If you’re still a Weber virgin, the Summit Charcoal Grill isn’t just eye candy. Take the people who bought a Big Green Egg in the past decade who never previously owned a Weber, let alone a grill. These guys are successful. And they hadn’t a single clue about smoking or grilling. Their first serious BBQ relationship was with a BGE. It was within their budget and they could cook in more than one style with it. These are the guys Weber is targeting.
It’s going to be hard to convince the seasoned folks (no pun intended) to buy a Weber Summit Charcoal, but not so the others, the younger blood- millennial professionals, “yuppies”- who want to get in on the current popularity of BBQ (shows on cooking and BBQ are feverish in 2017).
A product that’s versatile is what newcomers are looking for, so long it accomplishes what the Kamado grills have done: a unit that bakes, grills, smokes and so on.
The first time the AmazingRibs site reviewed this grill, it made it rather obvious that Weber put enough thought into it, especially on the design (and pricing). The grill’s height adjustable? Check. A port to control the digital temperature? Yessir. Insulated by air without maxing 400 pounds, let alone 300? Check. Able to cook long? Oh yes. Moveable. Sturdy. Typical weber stuff.
Weber didn’t really forget anything, except perhaps the fact the lid has no probes underneath it. Yes, the price is a bit over the top, especially another $600 will get you the table. But the competition is going to be following these price marks.
If there’s a set of grills and/or smokers out on your patio already, there’s really no need for a Summit Charcoal grill.

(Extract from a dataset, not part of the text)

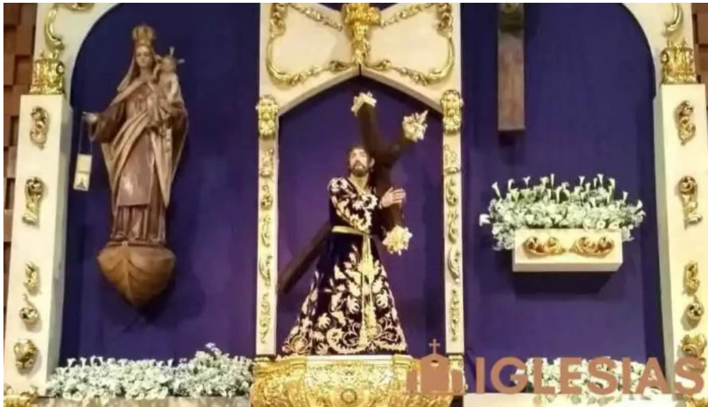
Iglesia castrense de santo domingo del propietario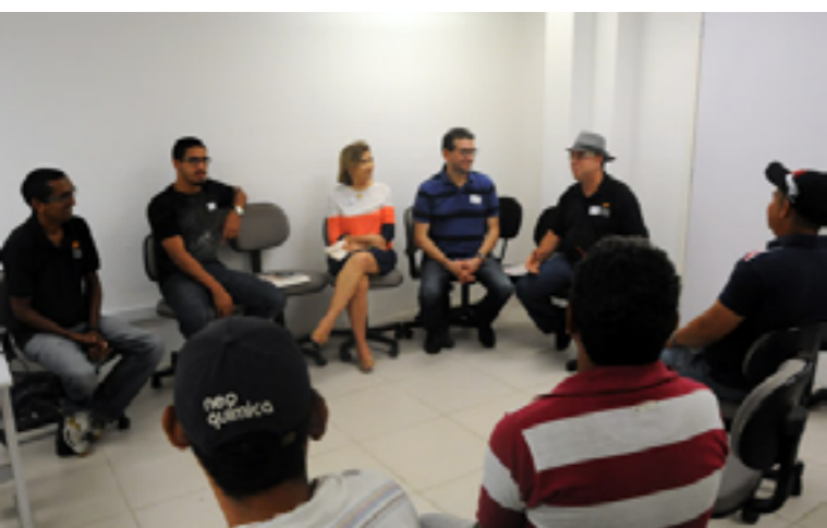
Há ambientes para adultos (pais e mães), crianças e adolescentes

As oficinas incluem palestras, vídeos e depoimentos sobre temas que buscam a reflexão dos conflitos familiares. Já foram realizadas 39 edições do evento, beneficiando 1.334 pessoas. A iniciativa, do Conselho Nacional de Justiça, é realizada desde 2014 pelo Cejusc de Fortaleza, com apoio do Núcleo Permanente de Métodos Consensuais de Solução de Conflitos do Tribunal de Justiça do Ceará.

If this is your first time looking for a standalone outdoor cooker, it certainly has the features to quickly get you up to speed with cooking outdoors.
Fewer Reasons to Buy the Weber Summit Charcoal Over a Big Green Egg?
1.) Portability goes to the Summit Charcoal grill. No contest. It also doesn’t tip around as much. A BGE is heavier, and more likely to fall over (and crack). Now, if you’re planning to set up an outdoor kitchen, there’s no (current) way for a Summit Charcoal grill to fit into a built-in (the Big Green Egg can).
2.) Storage. It also has the advantage of having a drawer to store your thermometer, a lower shelf for accessories, a charcoal basket for storage, your heat diffuser has a spot to be kept in (made with metal unlike a ceramic diffuser that might crack from falling over). As you’re pulling hot parts out of the Weber after a cook, there’s a wire base on the bottom to set them on.
In the End, the Edge Goes to the Big Green Egg
Sorry, Weber lovers, but there’s also a huge, established community for BGE users. Even though the BGE is a smaller company, they’ve had kamados on the market way before Weber has.
So, if you ever wanted to flip it back on the market, you’d be able to quickly sell it and pocket a large portion of what you originally payed for it.
Cheaper. The Big Green Egg XL goes for around $1,200. $1,500 would have been a lot better starting price point (for the cart version of the Summit Charcoal). Less people are going to get their hands on the Weber, where as it could have taken over the market if it was 2-$300 less.
Accessories are plentiful.
Bailing out on the Price?
The 27″ Weber Kettle is probably the best your money can buy for a grill that will get the job done (dare I say it can replace that offset smoker of yours?). Sear steaks all day long without all the bells and whistles.